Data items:
-------------------------

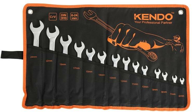 Kiváló minőségű, 14 részes KENDO csillag-villás kulcskészlet a gyakran használt méretekben. Műanyag tartóban könnyen szállítható és praktikusan tárolható. Edzett króm-vanádium acélból készült az erő és a tartósság érdekében. Csillagfej 15° hajlásszöggel Korrózióálló bevonat DIN 3113 szabvány szerint gyártva
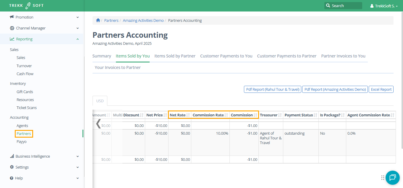 The Partners accounting shows you how many bookings you made for partners, how much commission you earned and how much money you owe to a partner and the same for the partner as well.
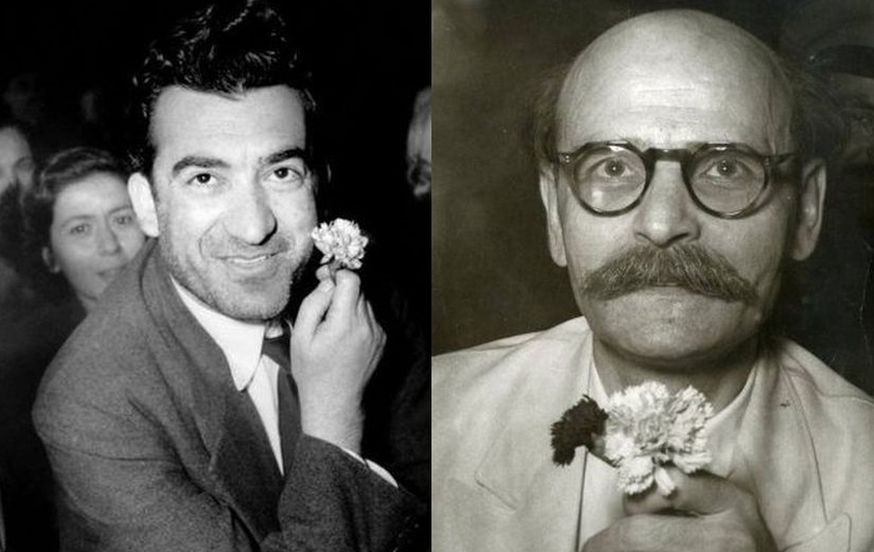 O Γιάννης Αλεξάνδρου- Διαμαντής (αριστερά) με τον Χαρίλαο Φλωράκη-Γιώτη στο Καρπενήσι τον Ιανουάριο του 1949.
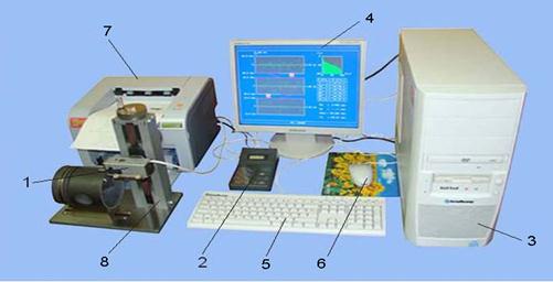 Рисунок 1.5 – Внешний вид стационарного комплекса “Абрис ПМ7”: 1 – первичный преобразователь, 2 – отсчётное устройство, 3 – системный блок, 4 – монитор, 5 – клавиатура, 6 – мышь, 7 – печатающее устройство, 8 – стойка приборная
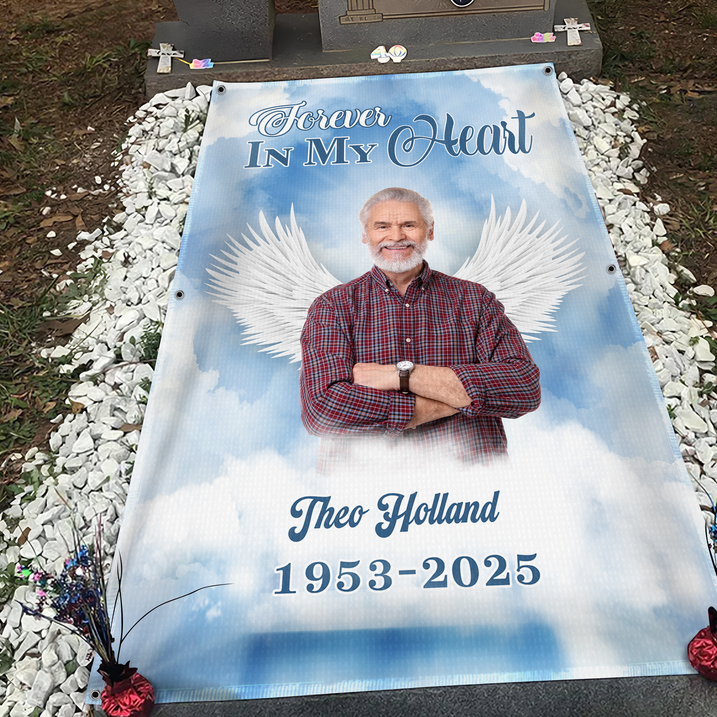 Custom Photo Forever In My Heart Memorial Heaven Grave Blanket
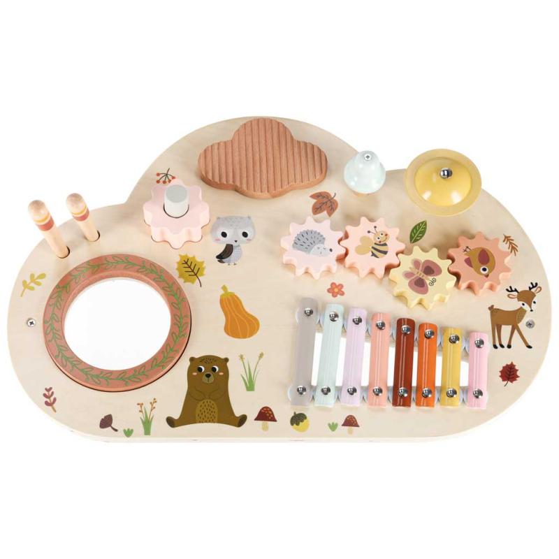 Podczas wspólnej zabawy z rodziną stolik muzyczny pozwala na tworzenie pierwszych prostych melodii i poznawanie podstaw rytmu. Zębatki uczą dzieci związku przyczynowo-skutkowego, a manipulacja karbowaną chmurką i używanie piszczałki rozwijają zdolności manualne i zachęcają do eksperymentowania z dźwiękiem.
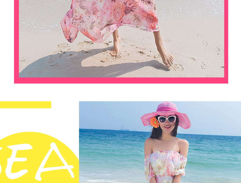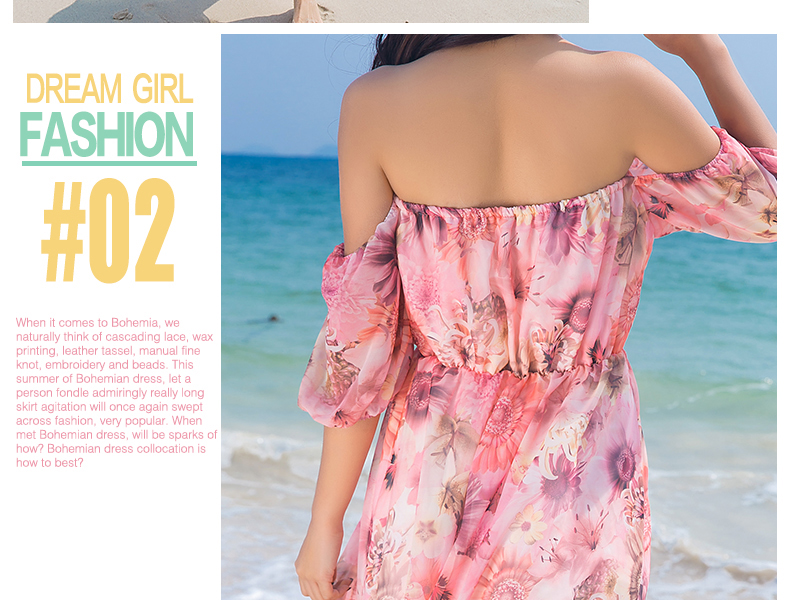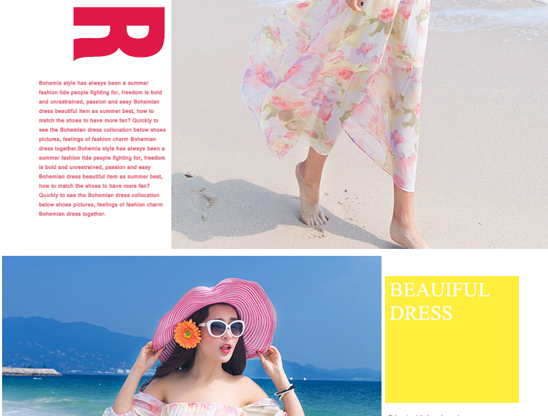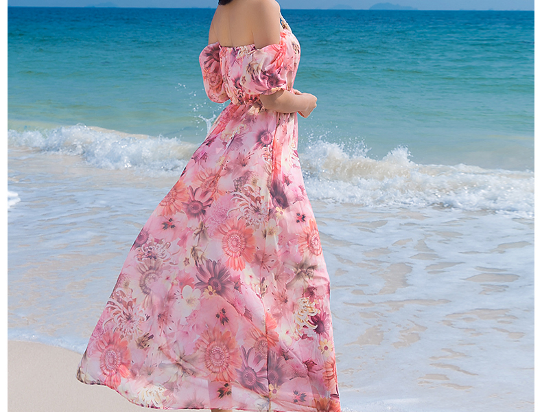 夏波西米亞一字領印花露肩收腰沙灘長裙海邊度假連衣裙
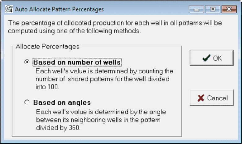 Auto Allocate Production - This tool computes the allocation percentage for wells in multiple patterns. This tool will compute the percentages between all patterns in the project.
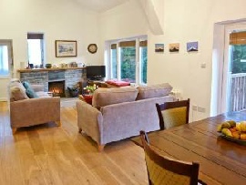 Upstairs contains the main accommodation, with an open plan lounge/ dining room/ kitchen, the main bedroom, a bunk bedroom and main bathroom. The lounge has two sofas, an open fireplace with new oak flooring, mantelpiece and window seat, a 40” television with freesat & HDD, DVD player and hi-fi. It has a dining area with French windows which open out onto the large balcony (with a 6-seater patio set) overlooking the garden. The kitchen is well-equipped with a double oven, hob, microwave and fridge. The bathroom has a shower/bath, WC and wash basin. The main bedroom has a double bed and a full size single bed. The bunk bedroom has two full size bunks.
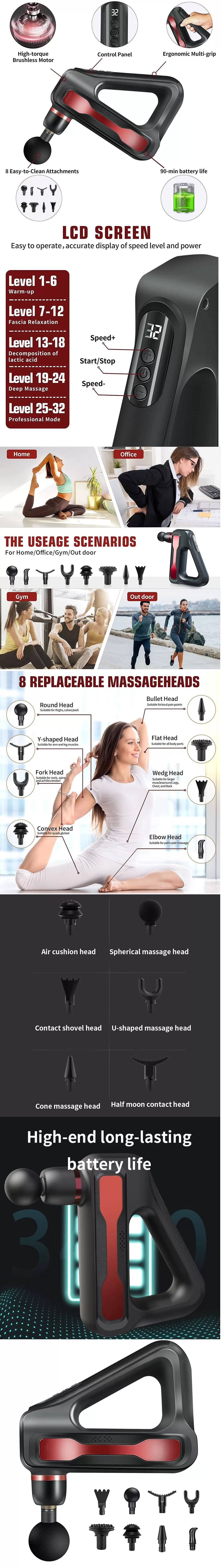 ✅ سرعة عالية ومحرك قوي وقوة قوية تضرب مباشرة العضلات العميقة 32 سرعات
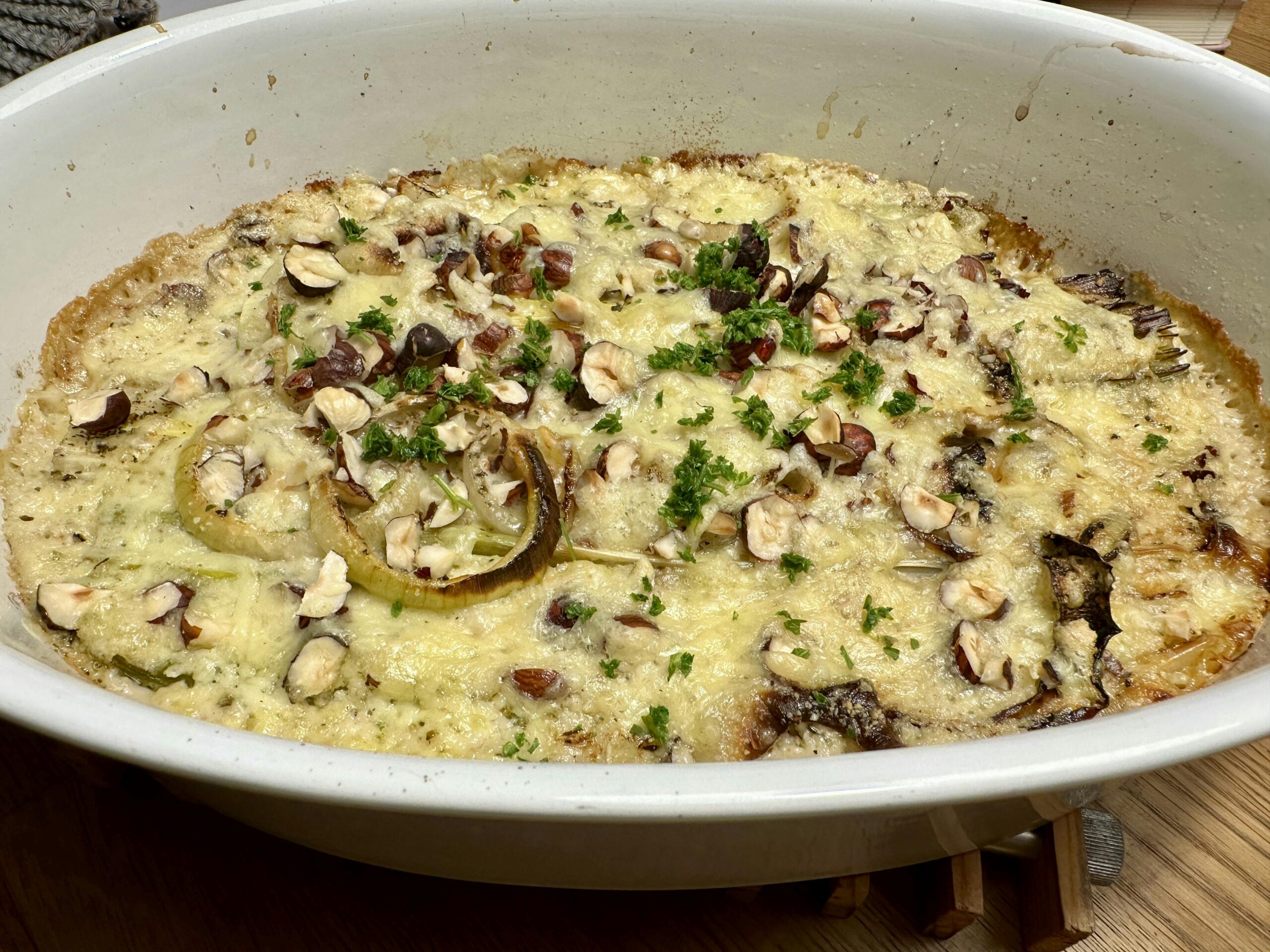 Gratinierter Lauch mit Haselnüssen
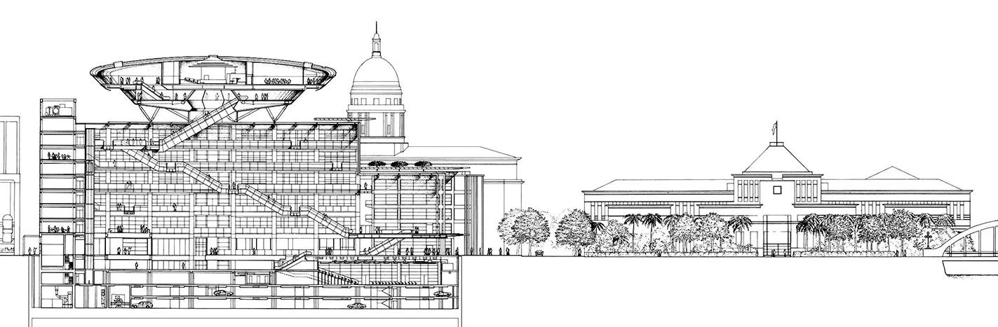 Located within a historic civic district, on the north bank of the Singapore River and close to the Padang, the new Supreme Court takes its cue from the scale and fabric of the neighbouring civic buildings, and literally locks itself into the heart of city. Offering a modern re-interpretation of Singapore’s vernacular architecture, the building conveys an image of dignity, transparency and openness. With a viewing space at the top, a new public room is created that will become a new exponent within the city. The building is designed for long-term flexibility, including future increases in the number and size of the courtrooms and advances in electronic information systems.
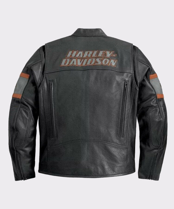Men’s Harley Davidson. Mid-weight distressed cowhide leather for the vintage look with a polyester taffeta body and sleeve lining. Strategically placed perforated side panels with windproof interior panels that block air or unzip to allow airflow. Get it one for you & enjoy your ride.
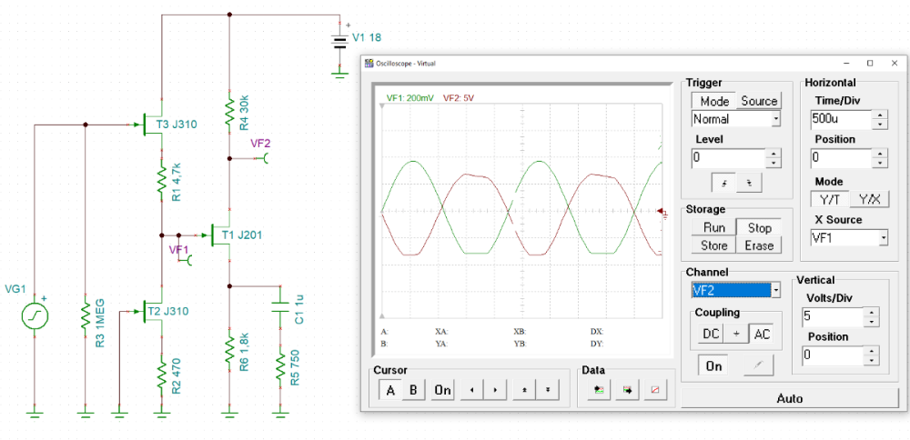 на самом деле даже одной почти хватило. "почти" потому что поставил j310, верхний резистор убрал, но он всё равно ещё нужен будет в будущем. на вход будет подаваться около 4 вольт амплитуды, поэтому я сходу упёрся в отсечку. При чём на обеих схемах и опять по нижней полуволне, естественно) радует только то что такие уровни входного сигнала будут встречаться довольно редко, но всё же... Несомненный + обеих этих схем в том что они дают вторую гармонику, а это в малых количествах в первом каскаде высокочувствительного усилителя для гитары как раз то что нужно. После повторителя сигнал должен быть раскачан по амплитуде раз в 8-9. Инверсия по отношению ко входному сигналу допускается только одна -

-------------------------

== WORK ITEM ==
Repeat the records above exactly, from the first line through the line containing "Auto Allocate Production", and leave out the pictures.

== RESULT OF THIS TASK ==
 Kiváló minőségű, 14 részes KENDO csillag-villás kulcskészlet a gyakran használt méretekben. Műanyag tartóban könnyen szállítható és praktikusan tárolható. Edzett króm-vanádium acélból készült az erő és a tartósság érdekében. Csillagfej 15° hajlásszöggel Korrózióálló bevonat DIN 3113 szabvány szerint gyártva
 The Partners accounting shows you how many bookings you made for partners, how much commission you earned and how much money you owe to a partner and the same for the partner as well.
 O Γιάννης Αλεξάνδρου- Διαμαντής (αριστερά) με τον Χαρίλαο Φλωράκη-Γιώτη στο Καρπενήσι τον Ιανουάριο του 1949.
 Рисунок 1.5 – Внешний вид стационарного комплекса “Абрис ПМ7”: 1 – первичный преобразователь, 2 – отсчётное устройство, 3 – системный блок, 4 – монитор, 5 – клавиатура, 6 – мышь, 7 – печатающее устройство, 8 – стойка приборная
 Custom Photo Forever In My Heart Memorial Heaven Grave Blanket
 Podczas wspólnej zabawy z rodziną stolik muzyczny pozwala na tworzenie pierwszych prostych melodii i poznawanie podstaw rytmu. Zębatki uczą dzieci związku przyczynowo-skutkowego, a manipulacja karbowaną chmurką i używanie piszczałki rozwijają zdolności manualne i zachęcają do eksperymentowania z dźwiękiem.
 夏波西米亞一字領印花露肩收腰沙灘長裙海邊度假連衣裙
 Auto Allocate Production - This tool computes the allocation percentage for wells in multiple patterns. This tool will compute the percentages between all patterns in the project.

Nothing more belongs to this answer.